A Little Moto History

Jan 31st 2024

A follower on Donzzilla's social media saw one of his restoration projects - The Ted Boody Harley Davidson. He was gracious enough to share a neat story from his past on those unique front fork guards. Here is the message sent from Eric Frahm.

"Good morning, I love your restoration work and your dedication to getting all of the details right. I went to Jr. High with Ted Boody . His older sister Lynda was actually in my grade. On the weekends, Ted and I would assemble new bikes out of crates for his Dad's Kawasaki shop. Ted and Ed Morris had just really gotten into ice racing and indoor short track, on the little green Streaks G31m's. And both had gotten their novice license soon after. They moved up to the Yamaha 360's and Ed's Dad Erv started making frames for the Yamaha's. the guy could build anything, super creative. I started working at Haslett Motorsports - Honda and Suzuki dealership owned by Joe Lachniet. He also ran Meridian Cycle Supply out of Haslett - kind of like Rocky Supply back in the day. And he was really in to road racing and had a branch called Competition Cycle Supply that catered to the road racing crowd.
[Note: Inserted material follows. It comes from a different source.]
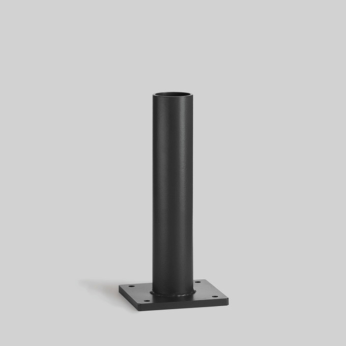 BEGA Aufschraubsockel 71243, aus feuerverzinktem Stahl, nach EN ISO 1461 zum Aufschrauben auf ein Fundament. 4 Befestigungslöcher Breite 13,5 mm.
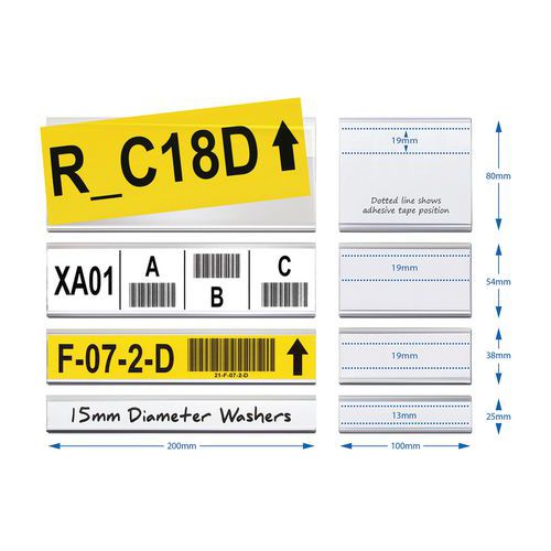 Samolepicí držáky etiket jsou dodávány společně s průhledným štítkem se samolepicí zadní stranou a bílou vkládací kartičkou. Držáky na štítky slouží pro rychlou a jednoduchou orientaci v uličkách a poličkách regálů. Čtení bar kódů je možné bez vytažení štítku. Vyrobeno ve UK

Sold fairings and had a lot of factory Yamaha parts. He knew Erv Morris through Haslett's Service Department where we did the boring on Ed's and Ted's cylinders. First I recall any big connection was Joe asking Erv to build fork stops for the road racing crowd that clamped onto the fork tubes. Erv made hundreds it seemed and then used them on the dirt track bikes, after which Trophy racing frames came to be. Erv would make dirt track frames with extended swing arm for the early MX with moved up shocks. And with Ed and Ted both getting their Junior licenses and then their experts. The fork lowers and tubes would get all beaten up. After playing around with the Ceriani tubes he built a vacuum form machine and used an old lower and tube as the form they looke great and sold great. Joe somehow ended up taking over the fork protector adding the Trophy name and marketing them. I do not know what happened after that, but just wanted to share what I knew about Erv one of the most creative and honest people I ever knew that was always there to help. I always felt Erv was taken advantage of, the man could build anything. He did some early prototype casting of intake manifolds for the early Corvette fuel injection systems in his garage for General Motors. Thanks again for all of your great work."